DEA models for resource reallocation and production input/output estimation

doi:10.1016/S0377-2217(01)00046-7

European Journal of Operational Research

Volume 136, Issue 1, 1 January 2002, Pages 19-31

https://doi.org/10.1016/S0377-2217(01)00046-7 Get rights and content

Abstract

This paper discusses the “inverse” data envelopment analysis (DEA) problem with preference cone constraints. An inverse DEA model can be used for a decision making unit (DMU) to estimate its input/output levels when some or all of its input/output entities are revised, given its current DEA efficiency level. The extension of introducing additional preference cones to the previously developed inverse DEA model allows the decision makers to incorporate their preferences or important policies over inputs/outputs into the production analysis and resource allocation process. We provide the properties of the inverse DEA problem through a discussion of its related multi-objective and weighted sum single-objective programming problems.
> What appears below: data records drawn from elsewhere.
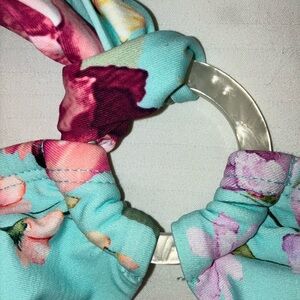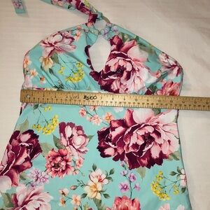 Size medium Blue and Green Floral Halter Sleeveless Tank swim bathing suit Top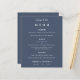 Simple Text Dusty Navy Blue Wedding Menu. A budget price SMALLER 4.5” x 5.6” alternative. Available in a SEMI GLOSS 110 lb CARD STOCK which is the default option (recommended for invitations, similar to the thickness of a postcard), OR a SATIN FINISH 80 lb THINNER PAPER STOCK (ideal for enclosures). You can also change the font style and colours and the enchanted Dusty blue background colours on the front and back if you wish via the Click to Customise Further option.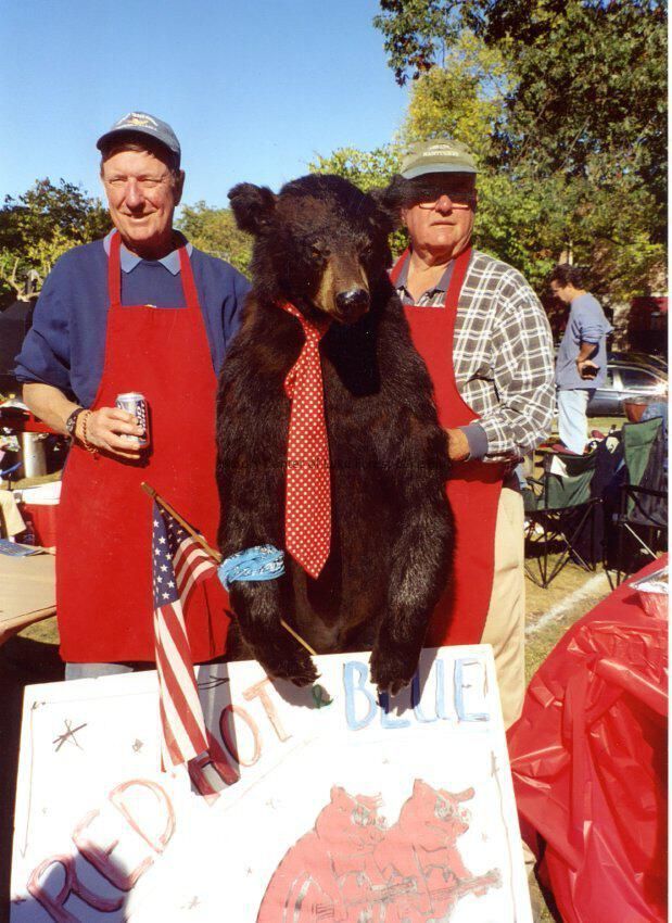 2004 Lake Bluff Ribfest October 2004. Dave and Joe O'Neill with taxidermy bear.

Numerical examples are presented to illustrate the application procedure of our extended inverse DEA model. In particular, we demonstrate how to apply the model to the case of a local home electrical appliance group company for its resource reallocation decisions.

Introduction

In the past few years, the data envelopment analysis (DEA) approach [1], [3], [4], [5], [8], [9], [13], [14] has become increasingly popular in the practice and research of efficiency analysis. A great number and variety of DEA applications and research have led to many new developments in concepts and methodologies related to the DEA-efficiency analysis. One can see this from extensive surveys provided by [2], [6], [9]. DEA contributes certain noteworthy advantages and distinctive characteristics to efficiency analysis, yet it is restrained in various aspects that necessitate improvement and further research, as commonly discussed in the literature.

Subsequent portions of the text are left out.